Il est donc raisonnable de conclure que Daech ne sera jamais capable de reconstituer son économie en Libye même s’il parvient, chose peu probable, à reconstruire sa hiérarchie organisationnelle. Il ne lui resterait plus qu’à se diriger vers les régions du sud, à la recherche d’un nouveau bastion, là où le conflit est moins embrasé, et où il serait possible d’embrigader de petites tribus subsistant grâce au pétrole du nord-ouest. Mais même dans ce cas, la branche libyenne de Daech restera sous la menace des factions qui se font concurrence dans la guerre antiterroriste. Ce scénario serait donc à son tour peu probable, vu l’état de dispersion où se trouve déjà l’EI. Il est tout aussi improbable de compter sur le soutien d’autres groupuscules africains ayant prêté allégeance à Daech, comme Boko Haram, étant donné que ces groupuscules sont trop pauvres pour pouvoir assurer un soutien financier au Daech Libyen.

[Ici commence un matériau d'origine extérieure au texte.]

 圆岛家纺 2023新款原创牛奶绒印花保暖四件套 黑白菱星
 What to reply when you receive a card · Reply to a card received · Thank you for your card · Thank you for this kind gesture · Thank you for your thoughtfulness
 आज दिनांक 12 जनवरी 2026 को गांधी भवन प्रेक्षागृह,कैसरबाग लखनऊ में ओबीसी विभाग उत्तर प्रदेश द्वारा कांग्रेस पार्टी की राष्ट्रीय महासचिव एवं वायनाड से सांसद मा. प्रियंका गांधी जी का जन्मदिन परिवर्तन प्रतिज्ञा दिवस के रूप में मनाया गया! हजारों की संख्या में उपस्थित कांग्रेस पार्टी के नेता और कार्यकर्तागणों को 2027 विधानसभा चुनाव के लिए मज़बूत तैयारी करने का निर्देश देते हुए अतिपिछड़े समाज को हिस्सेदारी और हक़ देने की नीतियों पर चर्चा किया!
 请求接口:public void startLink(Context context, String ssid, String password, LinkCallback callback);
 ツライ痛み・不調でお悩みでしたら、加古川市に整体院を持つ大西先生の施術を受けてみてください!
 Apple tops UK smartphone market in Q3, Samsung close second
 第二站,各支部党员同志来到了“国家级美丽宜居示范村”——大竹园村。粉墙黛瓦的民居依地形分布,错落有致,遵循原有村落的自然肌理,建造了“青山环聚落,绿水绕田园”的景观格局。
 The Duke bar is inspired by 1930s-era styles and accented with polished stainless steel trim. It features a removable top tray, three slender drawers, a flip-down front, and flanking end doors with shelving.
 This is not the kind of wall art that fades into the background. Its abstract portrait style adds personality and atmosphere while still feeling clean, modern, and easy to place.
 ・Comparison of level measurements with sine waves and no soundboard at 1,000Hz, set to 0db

Ceci dit, la branche libyenne de Daech n’est pas entièrement finie. Il se peut qu’elle ait recours, pour survivre, à des agissements de bandits armés, comme ce fut déjà le cas en Iraq et en Syrie : l’enlèvement d’étrangers pour des rançons, l’attaque des camions-citernes utilisés dans le transport du pétrole, pour ensuite le revendre au marché noir, la contrebande, les activités mercenaires, etc. Ce qui revient à dire qu’en l’absence d’accord politique, la branche libyenne de Daech ne sera plus qu’un groupuscule affilié à d’autres organisations.

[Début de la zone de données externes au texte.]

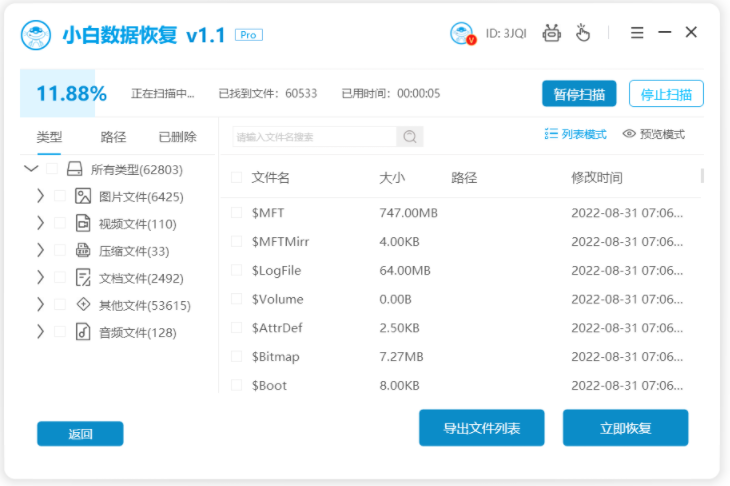 小白數據恢復軟件是一款功能強大的數據恢復找回工具,可以有效恢復硬件、軟件或人為誤操作引起的文件、數據丟失問題。小白數據恢復軟件支持硬盤、U盤、移動硬盤、電腦、內存卡、SD卡、CF卡、TF卡、相機卡、手機卡等多種設備文件恢復,可恢復文件類型包含照片、視頻、辦公文檔、壓縮包文件、音頻等,可恢復上千種文件格式,支持FAT16、FAT32、NTFS、exFat等多種文件系統,完美兼容全線Windows系統,極速掃描,邊掃描邊顯示,隨時可以恢復找到的文件數據。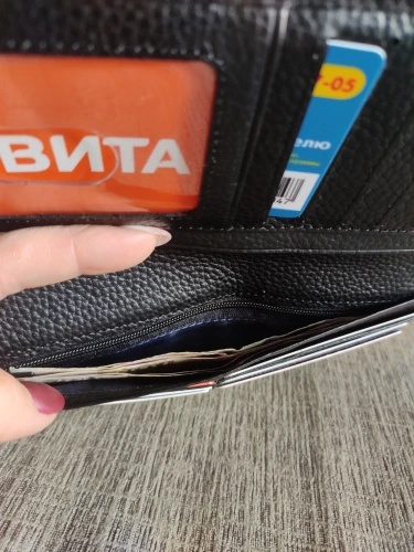 Товар пришел быстро. Заказывал по России. Отправили за 2 дня, пришел +4 итого 6 дней. Товар соответсвует описанию. Единственное что я думал он жесткий, оказалось не совсем. Ну это не страшно. В нем много отсеков для карт и 2 отсека для купюр. Нет замков и застежек. Но все карманы плотные, так что ничего не выпадет. Монеты положит не удастся так как для них не предусмотрено места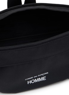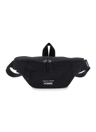 Comme des Garçons Homme presents a streamlined belt bag with minimalist logo branding and dual-zip main compartment for secure storage. The ergonomic silhouette with adjustable webbing strap and front zip pocket delivers hands-free convenience, while clean-lined construction and functional D-ring detail create a versatile essential for contemporary urban explorers.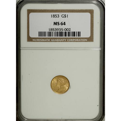 <B>1853 G$1 MS64 NGC.</B></I> Choice and satiny, this butter-yellow near-Gem has distinct orange and rose accents. Solidly struck and appealing with few marks for the grade.<BR><BR><b>Shipping:</b> Coins & Currency (<a target="_blank" href="http://www.heritageauctions.com/common/shipping.php">view shipping information</a>)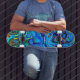 Exprese su estilo único con nuestra cubierta de patinaje artístico trippy abstracto, con un diseño azul fresco. Disponible únicamente en cubierta o como patineta completa con camiones y ruedas, este tablero es perfecto para patinadores que quieran sobresalir. Pasee con estilo y disfrute de la combinación perfecta de arte y actuación con este destacado patineta.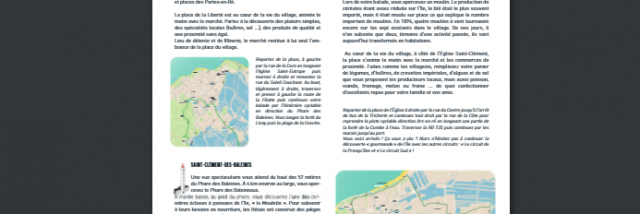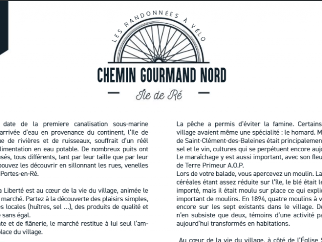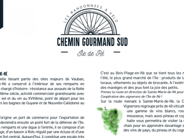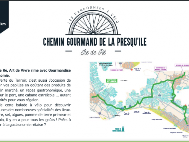 The 3 circuits:Gourmet path of the Presqu'IleChemin gourmand SUDChemin gourmand NORDFind here a lot of other ideas of itineraries by foot, by bike, by stroller :)Map, itineraries, cycle paths on the Ile de RéTracks, distances, travel times...🚲Read more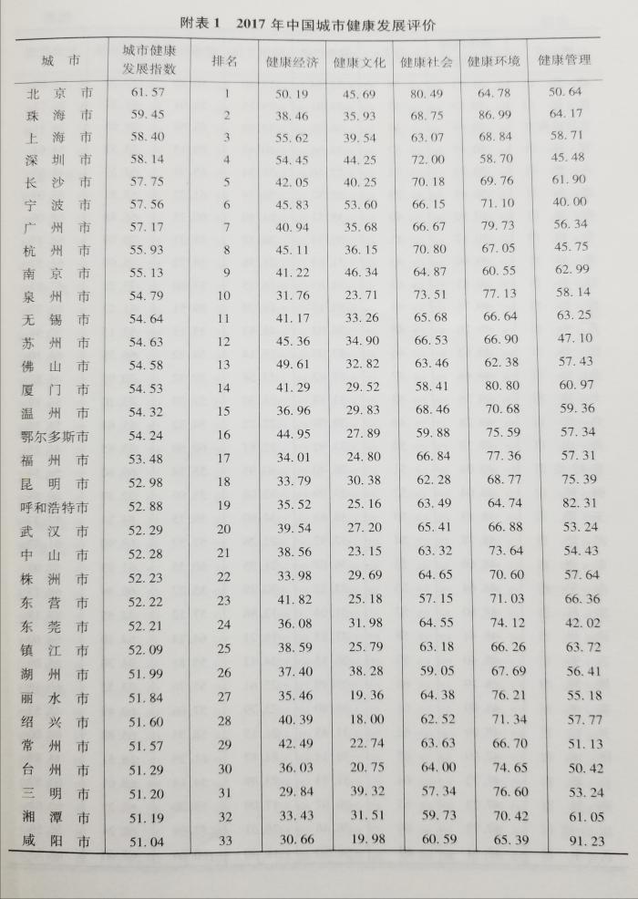 根据2018年9月29日发布的的“中国城市发展高峰论坛暨《城市蓝皮书No.11》, 2017城市健康排名第一是北京,珠海位居第二,上海、深圳、长沙位居第二到第五,广州也排入前十名,另外二线城市南京、宁波、杭州也靠前,三线城市除了珠海外,泉州位居全国第十位。 具体情况是,2017年,北京、珠海、上海、深圳、长沙、宁波、广州、杭州、南京和泉州等十座城市位居城市健康发展指数综合排名前10位。
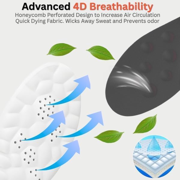 - BREATHABLE AND MOISTURE-WICKING: With a unique honeycomb perforated design, it ensures air circulation and remains breathable and moisture-wicking, shoe insoles men dries quickly with natural fabric with vent holes, leaving your feet feeling cool and dry all day long, and gel insoles mens is also odor-free to use.

En mai dernier, la cohésion du Daech libyen s’est lézardée suite aux affrontements avec les milices de Misrata, bras armé du gouvernement de Sarraj. Plusieurs de ses combattants de premier plan ont pris la fuite vers Syrte, alors que parmi les déserteurs figurait un ressortissant érythréen responsable de la collecte d’impôts. Celui-ci a pris la fuite avec l’argent de la zakat, donnant le mauvais exemple à tous ceux qui ont rejoint l’organisation pour gagner leur vie, et dont beaucoup seraient tentés de faire de même.

De même, Daech jouait un important rôle dans l’immigration clandestine à travers la Libye vers les pays du Sud de l’Europe. Selon les rapports officiels, Zouara, Sabratha et Syrte sont les principaux points de départ. Ces villes sont contrôlées par Daech, qui en profite à des fins terroristes, mais aussi financièrement. Avec la perte de Syrte, cette ressource est à son tour sensiblement réduite.

*Président du département de l’économie au Centre régional pour les études stratégiques.